1-red wire from M to white/black on coil....black wire from M to good ground
if NO power(no 12 volts) check circuit breaker
2-now do same with red wire from M to pink wire on coil and white black wire alternatively..if NO 12 volts..probably need to dump the coil.
3-Was the tank removed at some time and wires to coil bent? cut?
could it be as simple as a handlebar change that bent/shorted a switch.
**The ECM computer is on the right side-throttle behind plastic cover that is under seat...bikes with connection problems are usually those that are pressure washed or go through some major rain/flooding type conditions or are exposed to a lot of road salt.
***The circuit breaker by the battery i believe looks old school..two nut posts....are you positive it was checked for power by connecting with multimeter..one end to ground and then other end of lead testing each post????
IF this is a trike: could there be a load of stuff connected to that circuit breaker and causing it to heat-up?
Just for the heck of it take your seat off and check to see if your fuel pump came unplugged...It should be up toward the front of the seat where it fits into the frame ...I am trying to remember but I think it is a yellow wire.
Man, what a bunch of good stuff! Yes, my fuel pump cycles when I turn on the ignition. 12 volt reading at circuit breaker by battery off each post. Ok, borrowed a digital multimeter and so now time for a question that I don't want to hear the answer to...Do I have to remove the tank to get to the coil? On the Heritage it is in plain view on the side behind a cover. It seems on the Glide it is crammed so tight above the heads that I can't even get my fingers in there. I took 3 tank bolts out so is there another one that I am missing hidden in the mess of wires underneath it? Started to take off breather in the hopes I can get to it from that side or at least get a good view. If there is anything special I need to know for tank removal that would be very helpful before I get into this. Fatbobs are so much easier! Thanks.
3 tank bolts.
2 up front and 1 just under lip of seat on my road king..should be same.

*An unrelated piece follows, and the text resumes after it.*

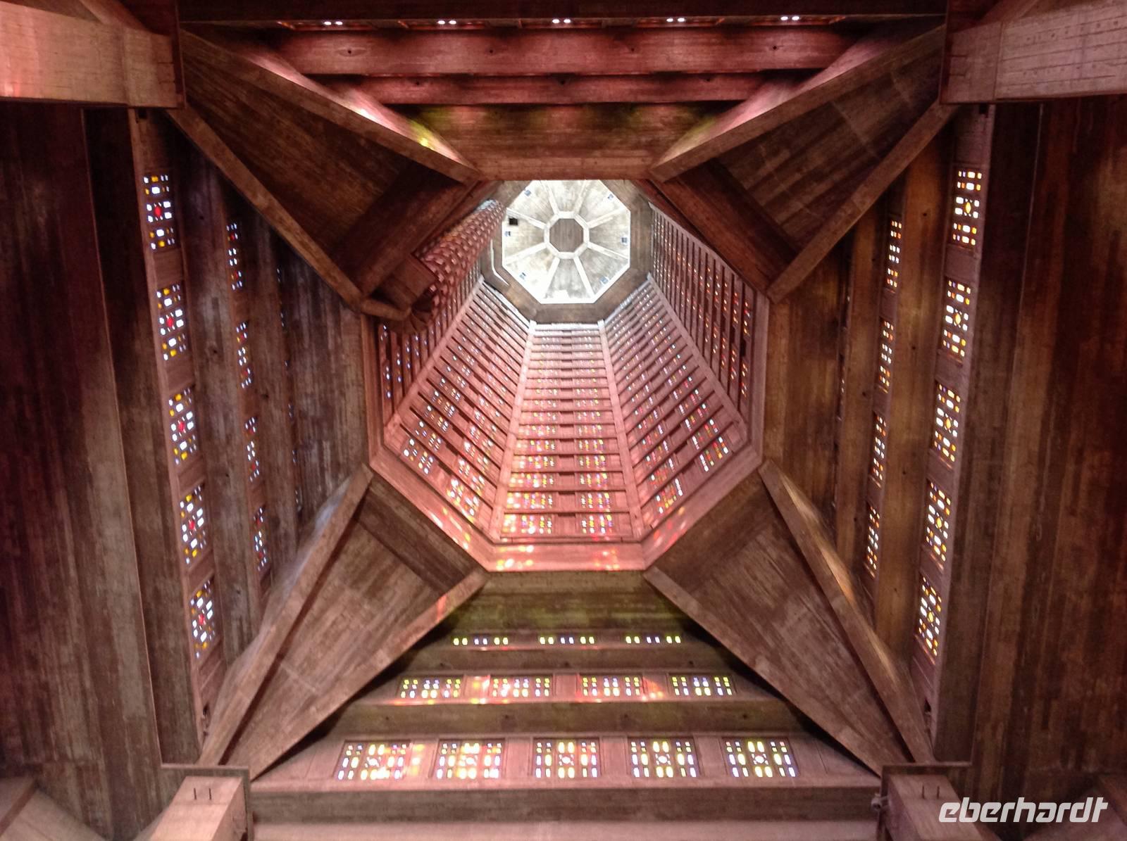 Anschließend bringt uns unser Bus bis ins Zentrum des kleines Badeortes Étretat. Bei strahlend blauem Himmel machen sich die meisten Gäste auf den Weg zum Plateau der Falaise Aval. An der Strandpromenade erinnern Informationstafeln mit Reproduktionen von impressionistischen Gemälden an die Maler des Impressionismus: Hier entstanden Claude Monets berühmte Kreidefelsen-Bilder. In dem Aval-Felsen erkannte er die abstrahierte Form eines Elefanten, der seinen Rüssel ins Meer steckt. Es geht weiter nach Le Havre, wo wir eine weitere moderne Kirche besichtigen: St. Joseph aus der Feder von Auguste Perret - Stadtplaner und Chefarchitekt des Wiederaufbaus von Le Havre - die Stadt im Zweiten Weltkrieg zu 80% zerstört!

just need to raise the front of tank..stick some shop towels , tennis ball, what ever under front of tank in frame tunnel.
MAKE SURE THE STEERING WHEEL WILL NOT TURN AND WHACK TANK.
doing it this way saves draining tank and removal of fuel lines that are $$ and leak easily if removed/re-installed.
did you ever look to see for the melted goo under the timer cover on throttle side by right foot?
when that cam position sensor gives up the ghost the bike turns over but will not catch..engine can not figure out its position....sometimes just a very quick tap of starter button followed by the real press of starter with cause it to catch....BUT you would have a check engine light.